Containerized applications package software and dependencies into isolated units, delivering numerous benefits from portability to scalability. Amazon ECS, a fully managed container orchestration service, offers the perfect balance of simplicity and power—enabling teams to build, manage, and run even the most demanding containerized workloads without the complexity of infrastructure management. Now, with the ECS MCP server, you can use AI agents, such as Kiro CLI, Cline, and Cursor, to inspect and troubleshoot containerized workloads seamlessly from your local machines using natural language.

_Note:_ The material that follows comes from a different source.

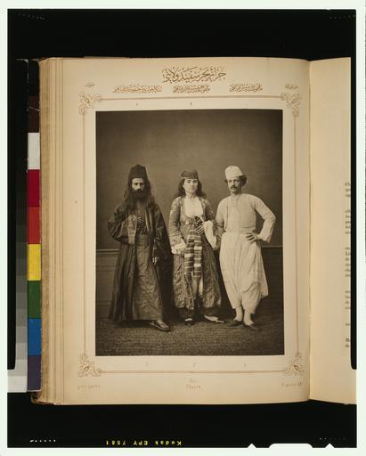 | Keywords: Studio Portrait of Models Wearing Traditional Clothing from the Province of Iles d'Archipel (Islands of the Archipelago), Ottoman Empire WDL337.png  Artwork ru Лоне  а и де fr Hamdi Bey Osman 1842-1910 en Hamdi Bey Osman 1842-1910 zh 劳奈 玛丽娅·德 pt Hamdi Bey Osman 1842-1910 ar حمدي بيك عثمان 1842-1910 es Hamdi Bey Osman 1842-1910 ru Студийный по т ет моделей в т адиционной одежде п овинции Iles d'Archipel Ост ова а хипелага Оттоманская импе ия fr Portrait en studio de modèles portant des vêtements traditionnels de la province des Îles d'Archipel îles de l'archipel Empire Ottoman en Studio Portrait of Models Wearing Traditional Clothing from the Province of Iles d'Archipel Islands of the Archipelago Ottoman Empire zh Iles d'Archipel(群岛) 份穿传统 饰模特的画室肖像,奥斯曼 国 pt Retrato de Estúdio de Modelos Vestindo Trajes Tradicionais da Província de Iles d'Archipel ilhas do Arquipélago Império Otomano ar صورة شخصية في الاستوديو لعارضين يرتدون ملابس تقليدية من مقاطعة إيل دارشيبيل جزر الأرخبيل ، الامبراطورية العثمانية ru Паскаль Себа был известным фотог афом создавшем множество фотог афий для своих клиентов как в Османской импе ии так и в западных ст анах Студия Себа выпустила несколько коллекций фотог афий этног афической тематики и т адиционных костюмов некото ые из кото ых были п оизведены в сот удничестве с художником и а хеологом Османом Хамди Бей Данная фото еп одукция взята из совместно созданной ими книги под названием <i> Les costumes populaires de la Turquie en 1873 </i> Популя ные костюмы Ту ции в 1873 году Данный альбом в кото ом описываются этнические костюмы населения всех  егионов Османской импе ии был создан по заказу османского п авительства для  еждуна одной выставки 1873 года в Вене Создатели альбома  Хамди Бей и Викто  а и де Лоней п авительственный служащий исто ик-любитель и художник ф анцузского п оисхождения  а фотог афии изоб ажены т адиционные костюмы сп ава налево х истианина п оживающего в  агоссе Фамагуста Кип х истианки п оживающей в  агоссе и г еческого монаха из монасты я в Тчико  асположенного около Лефке Лефка Кип <br>Х истиане; Одежда и платье; Г упповые по т еты;  онахи; Реп одукции по т етов; Женщины fr Pascal Sébah était un photographe ottoman prolifique et bien connu qui a travaillé à la fois pour des clients ottomans et occidentaux Le studio de Sébah a produit nombre de collections de photographies ethnographiques et de costumes certaines durant une importante collaboration avec le peintre et archéologue Osman Hamdi Bey Cette épreuve photomécanique est tirée d'une telle collaboration un livre intitulé <i>Les costumes populaires de la Turquie en 1873 </i> en français dans le texte Cet album représentant les tenues ethniques de l'ensemble de l'Empire ottoman a été commandé par le gouvernement ottoman pour la Foire Internationale de Vienne en 1873 et a été dirigé par Hamdi Bey et Victor Marie de Launay un fonctionnaire ottoman historien amateur et artiste d'origine française La photographie montre les costumes traditionnels de droite à gauche d'un résident chétien de Magossa Famagusta Chypre d'une femme chrétienne de Magossa et d'un moine grec du monastère de Tchiko près de Lefke Lefka Chypre <br>Chrétiens; Vêtements et habits; Portraits de groupe; Moines; Portraits en images; Femmes en Pascal Sébah was a prolific and well-known Ottoman photographer who worked for both Ottoman and western clients Sébah s studio produced a number of collections of ethnographic and costume photos some in important collaborations with the painter and archaeologist Osman Hamdi Bey This photomechanical print is drawn from one such collaboration a book entitled <i>Les costumes populaires de la Turquie en 1873 </i> Popular costumes of Turkey in 1873 This album depicting ethnic costumes from throughout the Ottoman Empire was commissioned by the Ottoman government for the 1873 International Fair in Vienna and was authored by Hamdi Bey and Victor Marie de Launay an Ottoman official amateur historian and artist of French origin The photo depicts the traditional costumes of from right to left a Christian resident of Magossa Famagusta Cyprus a Christian woman of Magossa and a Greek monk of the Monastery of Tchiko near Lefke Lefka Cyprus <br>Christians; Clothing and dress; Group portraits; Monks; Portrait prints; Women zh Pascal Sébah 是 位多产的著名奥斯曼摄影师, 务于很多奥斯曼以及西方国家的客户  Sébah 的工 室制 过很多 关人种和 饰的照片集,其中 些是与画家兼 古学家奥斯曼·哈姆迪· 伊的重要合 结晶  这张照相制版印刷品就出自他们的合  品 <i> Les costumes populaires de la Turquie en 1873  </i>(1873 年  其流行 饰)  这部 品集描绘了整个奥斯曼 国的民族 装,是奥托曼政 为 1873 年维也纳国际贸易展 委托他们制 的,该 品集的  是哈姆迪·

AI agents are transforming how developers and operators work, offering intelligent coding assistance that understands context on the local machine. With the Amazon ECS MCP server, we’re extending these capabilities to container infrastructure, enabling AI agents to become true partners in your operational workflows. Imagine having an AI assistant that not only understands container orchestration concepts but can actually see your ECS environment in real-time–it can analyze your running services, investigate deployment configurations, examine task health, and provide recommendations based on both AWS best practices and your specific setup. While our previously released open-source MCP server provided a foundation for local AI assistance, the cloud-hosted remote MCP server elevates this experience of automatic updates with latest ECS features and best practices, centralized security through AWS Identity and Access Management (IAM) integration, enhanced auditability features via AWS CloudTrail, and the scalability and reliability of AWS infrastructure. You no longer need to manage MCP server updates, worry about compatibility with new ECS features, or maintain local infrastructure—it just works. Further, compared to locally hosted MCPs, Amazon ECS remote MCP is uniquely suited for autonomous, agentic workloads, such as incident‑response agents and multi‑agent orchestrators.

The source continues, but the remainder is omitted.